As previously reported on July 31, 2012, August 9, 2012 and October 12, 2012, OriginOil, Inc. (the “Company”) commenced a private placement offering of up to 4,615,385 shares of common stock together with up to four series of warrants to purchase up to an aggregate of 18,461,540 shares of common stock. Between October 12, 2012 and November 5, 2012, the Company has sold to accredited investors an aggregate of 423,080 shares of its common stock together with one-year warrants to purchase an aggregate of 407,695 shares of its common stock, three-year warrants to purchase an aggregate of 384,618 shares of its common stock and five-year warrants to purchase an aggregate of 307,694 shares of its common stock for aggregate gross proceeds of $275,000. Each of the warrants is exercisable at a price per share of $0.65 subject to adjustment for stock splits, dividends, distributions, recapitalizations and the like.

The securities offered will not be and have not been registered under the Securities Act of 1933, as amended (the “Securities Act:”), and may not be offered or sold in the United States absent registration or an applicable exemption from registration requirements. This current report shall not constitute an offer to sell or the solicitation of an offer to buy, nor shall there be any sale of these securities in any state in which such offer, solicitation or sale would be unlawful prior to the registration or qualification under the securities laws of any such state.

On October 26, 2012 and October 30, 2012, the Company agreed to issue warrants to consultants to purchase up to an aggregate of 50,000 and 20,000 shares of its common stock, respectively exercisable at $0.65 per share.
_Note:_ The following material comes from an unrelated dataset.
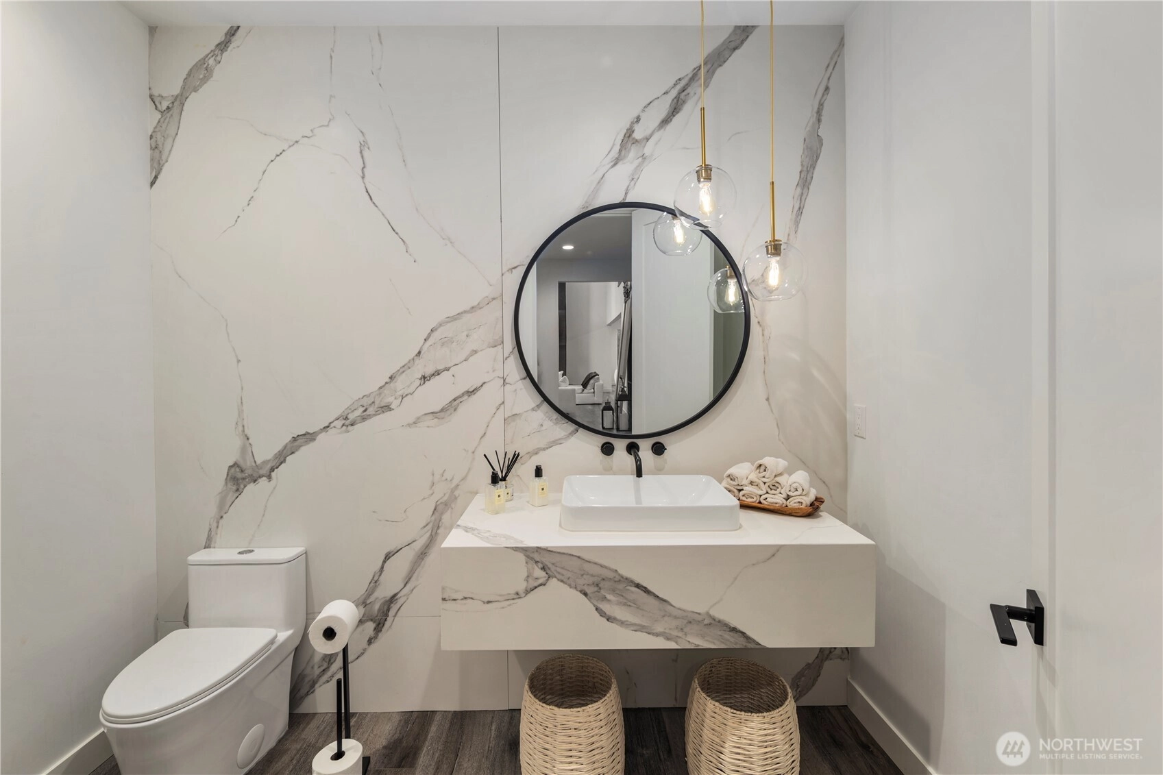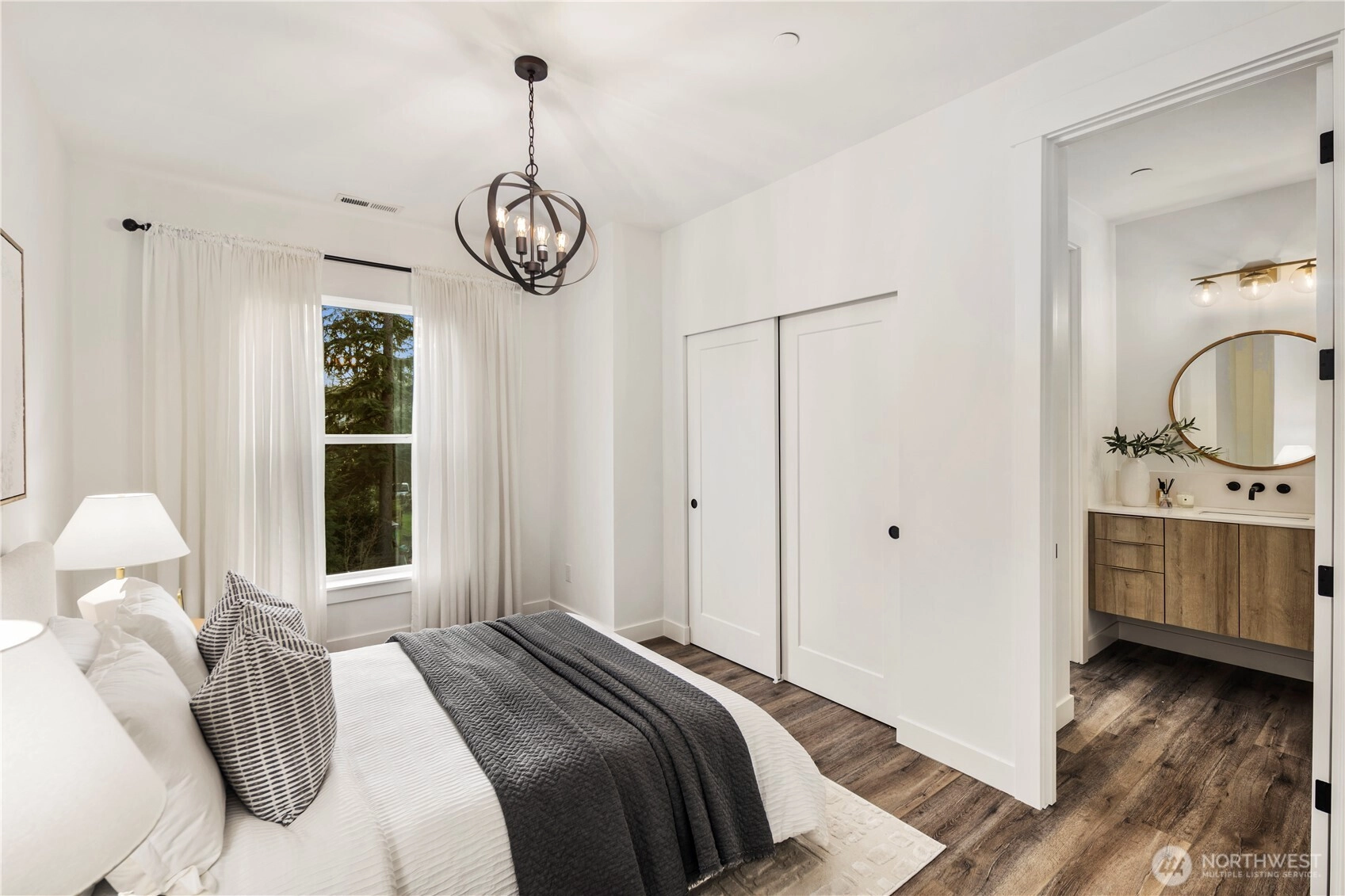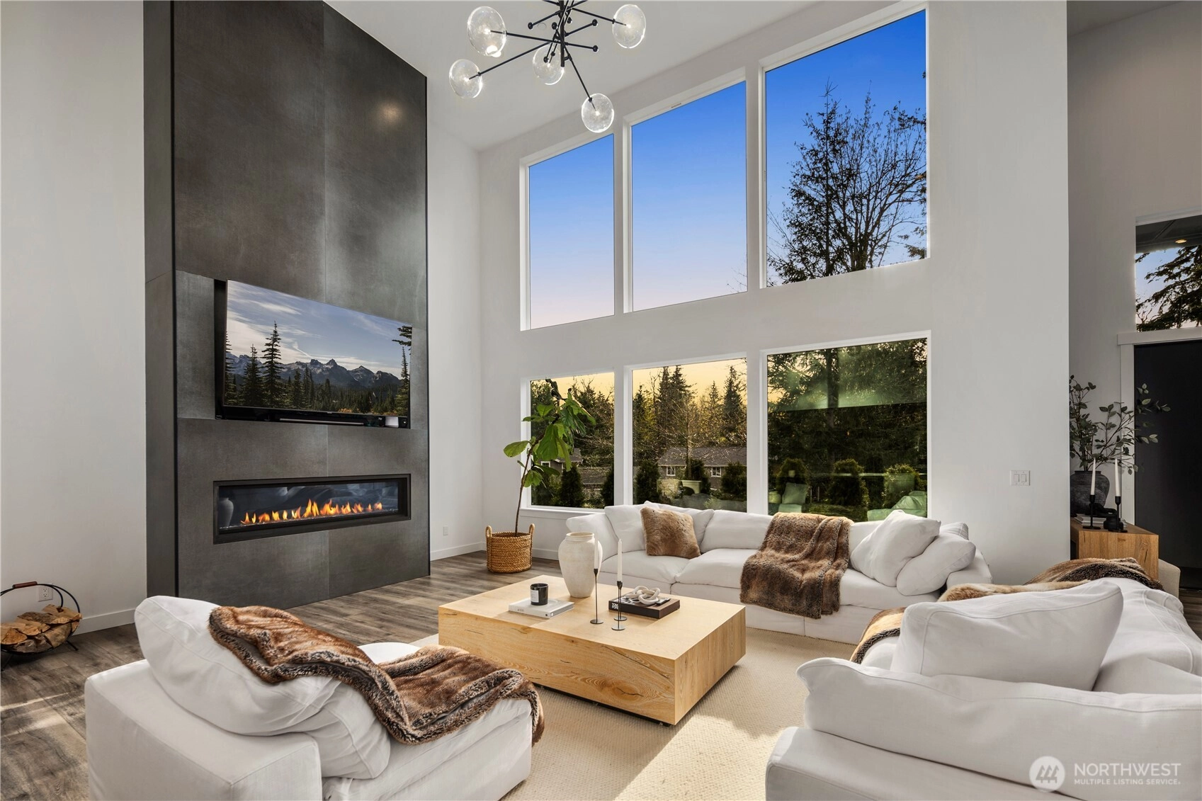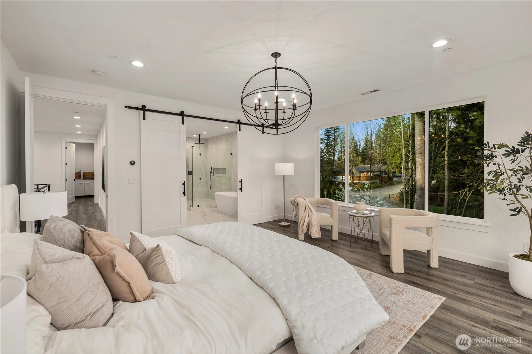 An extraordinary fusion of modern luxury and natural beauty, this 4,300 sqft Snoqualmie estate is a true sanctuary. Privately nestled on nearly an acre the home showcases soaring ceilings, a striking floating staircase, and exquisite designer finishes throughout. The custom European-inspired kitchen features sleek white cabinetry, state-of-the-art Miele appliances, and a dramatic 14’ waterfall island. Indulge in the spa-like primary suite with a double shower, soaking tub, and expansive walk-in closet. A main-level office, generous lower-level living space with separate entrance, and outdoor terraces, create a lifestyle of comfort and distinction. Effortless access to I-90, Bellevue, and award-winning schools. Timeless elegance, redefined.

On November 1, 2012, holders of convertible notes, known in the Company’s filings with the SEC as the “November Notes”, “December Notes” and “January Notes”, in the aggregate outstanding principal amount of $1,375,826 converted all outstanding principal and accrued and unpaid interest of $71,514 into an aggregate of 3,308,240 shares of common stock of the Company.

The securities above were offered and sold pursuant to an exemption from the registration requirements under Section 4(2) of the Securities Act and Rule 506 of Regulation D promulgated thereunder since, among other things, the transactions did not involve a public offering and the securities were acquired for investment purposes only and not with a view to or for sale in connection with any distribution thereof.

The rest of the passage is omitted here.